The biggest challenge in almost all designs is to find and deal with the proper and unbiased sample size. Statistical effects demand a certain size of a sample. The interaction between different predictor variables and random factors can quickly lead to an exponentiation of the sample, demanding tremendous efforts to arrive at a proper sample size. This is when parsimony needs to be grounded in deep experience, because too large samples may be unfeasible or even ethically contested, because sampling may for example be a medical procedure that is not entirely harmless. Overall, most sampling is typically costly, or at least not for free. Also, any given sample needs to represent the larger population. Most medical trials exclude pregnant people, because of the dangers associated with it. Ethnicity is a contested component that is also crucially to be considered within clinical trials. Harm may need to be considered in animal studies, and many would argue that these should not be conducted to begin with. Hence is sample size a phenomenon that needs to be examined on a case by case basis. Text book rules such as a number of thirty samples per included interaction originate from very specific contexts that cannot be superimposed on other contexts. Therefore, experience is needed, and any scientist utilizing advanced statistical designs needs to stand on the shoulders of giants.

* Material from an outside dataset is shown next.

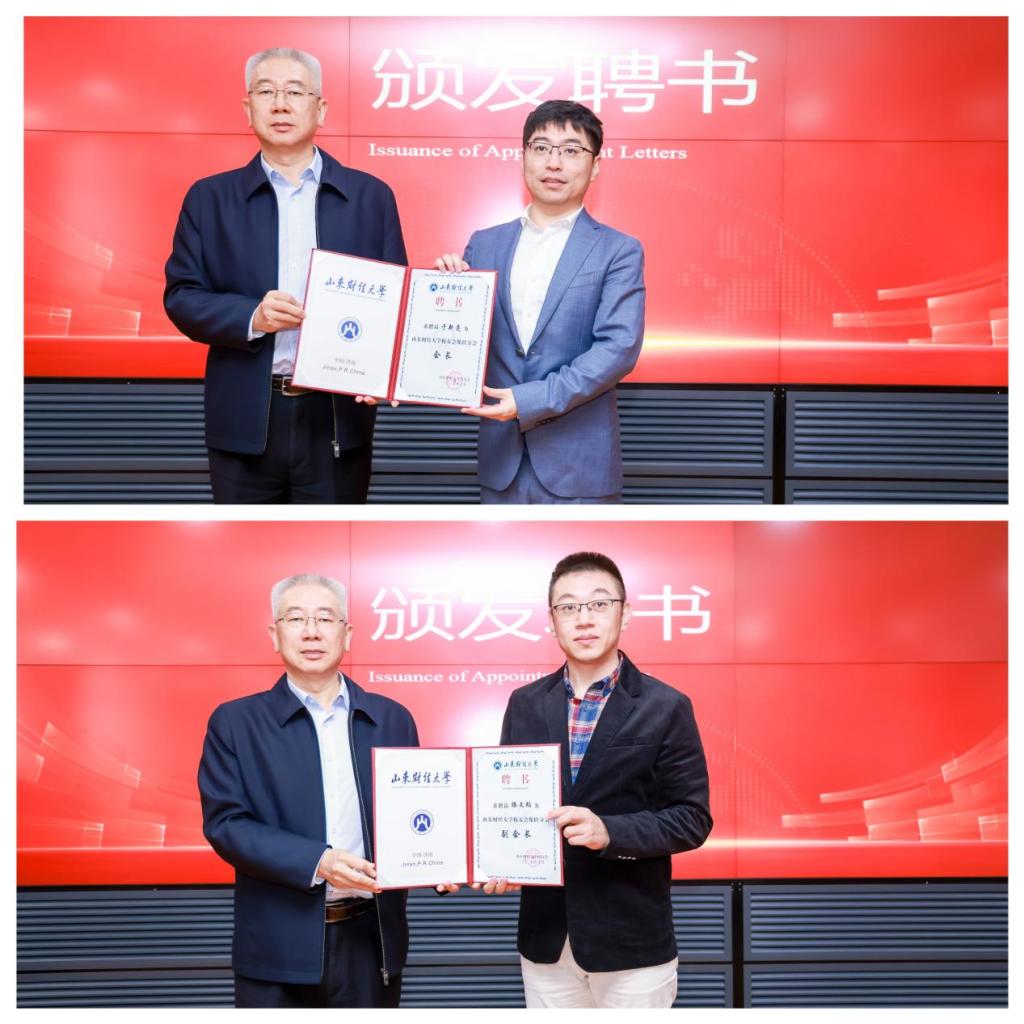 同时,新增两位业界校友担任副会长:太平人寿保险有限公司济南市公司党支部书记、总经理金鲁强,同方全球人寿山东分公司党支部书记滕文韬;437bwin必赢国际党委副书记王斐斐任秘书长。张新为新任会长于新亮、副会长滕文韬颁发聘书。

This text would not be complete without a note of caution. There are currently several evolutions happening in statistics that create ripples that affect advanced statistical designs within their scheme of analysis. Machine learning and AI are examples of analytical approaches that are purely predictive and often utilized in a more inductive fashion. Yet within the educative part of statistics that is typically used to analyze such deductively designed datasets, there are also several things at play. For a start, there is a difference between an analysis that builds on frequentist statistics vs. Bayesian statistics. This creates further ripples in terms of diverse modeling approaches (GLMM, GAMM etc.) that can be applied. There is also a question of the usage of p-values vs. information theoretical approaches (e.g. AIC, BIC), and equally other questions of measures of model performance or evaluation. Hence is not only the design of a study crucial for its outcome, but also the means and pathways of analysis. P-values increasingly vanish, yet are still the basis of the gross majority of most published statistics. There are some thoughts on model reduction already written elsewhere, yet it is important to acknowledge that all this is deeply normative and also disciplinary entrenched at the moment. It is clearly well beyond one text to solve this matter.

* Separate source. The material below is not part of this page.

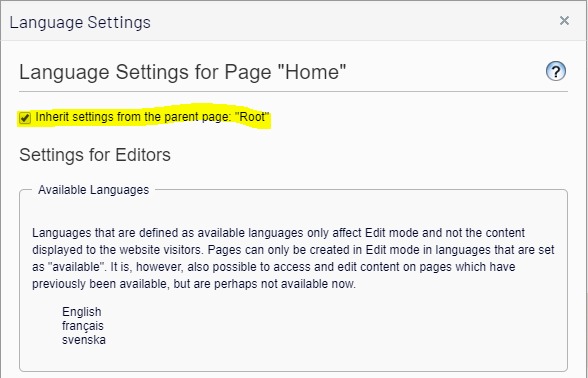 To apply the inheritance for this language setup for all subpages. Go to the Home node and make sure that Inherit settings from the parent page: "Root" is selected.

The future of advanced statistical designs

It was already mentioned that current statistical designs have to prove that they offer approaches that differ from modern machining learning algorithms, which are currently steeply on the rise both in terms of development as well as application. However, deductive approaches demand a deeply experienced albeit deeply constructed array of approaches. Just as painting usually consists of many colors, does our diversity of analytical approaches consist of an ever-growing colorful palette of approaches. Time will tell if advanced statistical designs will remain a staple in the deductive branches of modern science, and how they tackle problems of autocorrelation, multicollinearity or an uncountable array of biases in our samples.